Ｏグリコプロテオームと電子移動解離ＭＳ

抄録

Structural analysis of O-glycopeptides is much more challenging than N-glycosylation due to a number of difficulties; There are more than fifteen glycosyl enzymes (GalNTs) in human for initiating O-glycosylation of proteins, and no consensus sequence for O-glycosylation has been described. The assignment of attachment sites of the glycan is further complicated by the fact that there may be many sites of O-glycan attachment adjacent to each other and that these are frequently located in a region of peptide sequence in which many serine and threonine residues are found together, all of which may or may not be glycosylated.
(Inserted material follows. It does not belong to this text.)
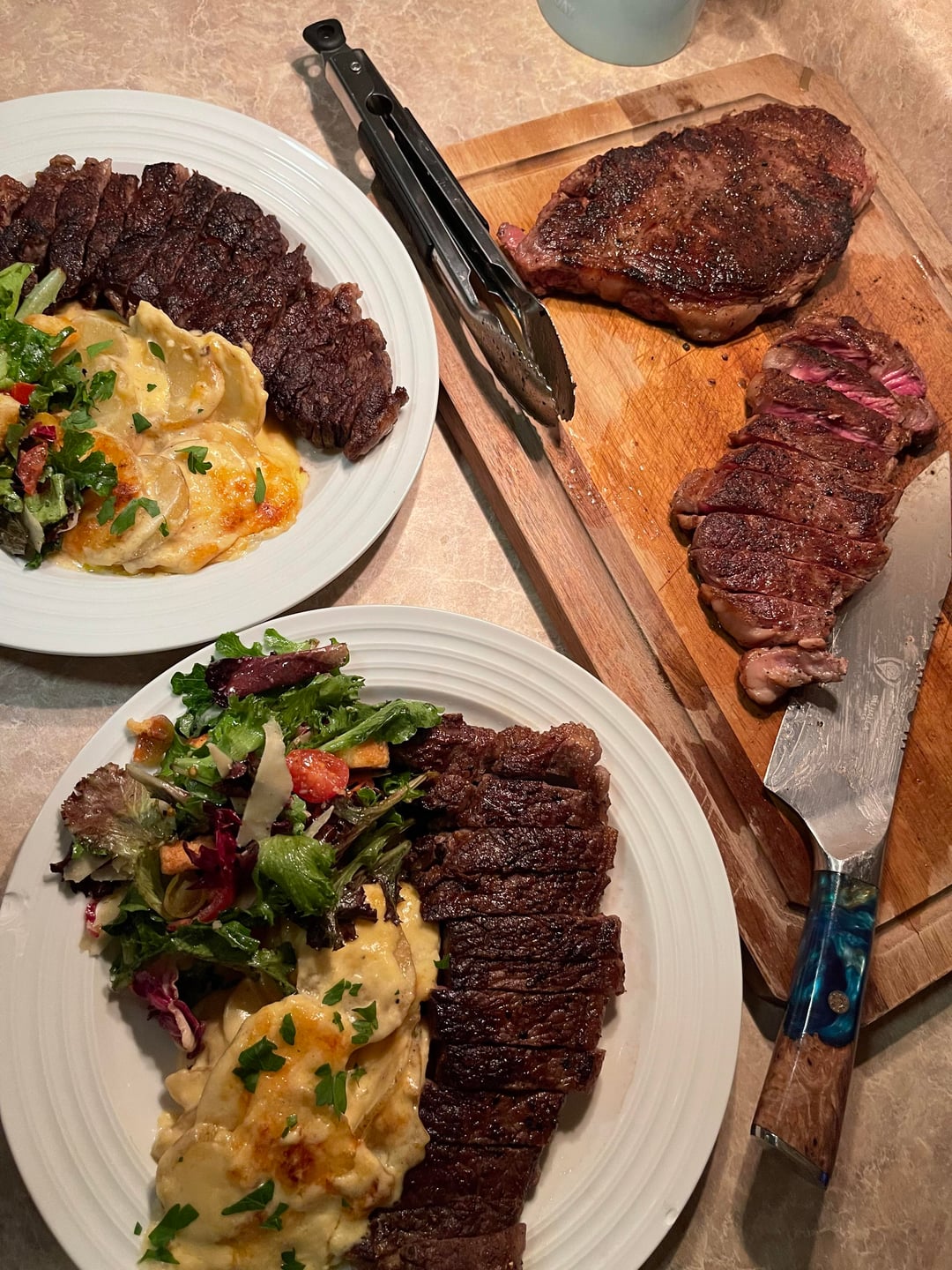 [homemade] NY strips, potatoes au gratin, spring mix salad and vinaigrette

In addition, proline residues are often present in the sequence and hamper the sequencing with MS/MS, due to the high efficiency of cleavage at the amide bond on the N-terminal of proline residue in collision-induced dissociation (CID). As a result, quite a small number of attachment sites have been experimentally determined and recorded in the protein database to date.
In our O-glycoproteome project, various chemical methods such as b-elimination followed by Michael addition of different kinds of substituents and partial deglycosylation with trifulromethanesulfonic acid were examined, but they were inadequate to solve the problems when combined with CID. Electron capture dissociation and a similar technique electron transfer dissociation (ETD) produce significantly different types of fragment ions than other fragmentation modes including CID, which introduces internal vibrational energy. In ECD and ETD, labile post-translational modifications such as phosphorylation, glycosylation and others remain attached to the backbone during ECD or ETD MS/MS experiments allowing determination of the site and identity of post-translational modifications. Indeed, we have determined a number of new O-glycosylation sites of plasma proteins with the aid of ETD.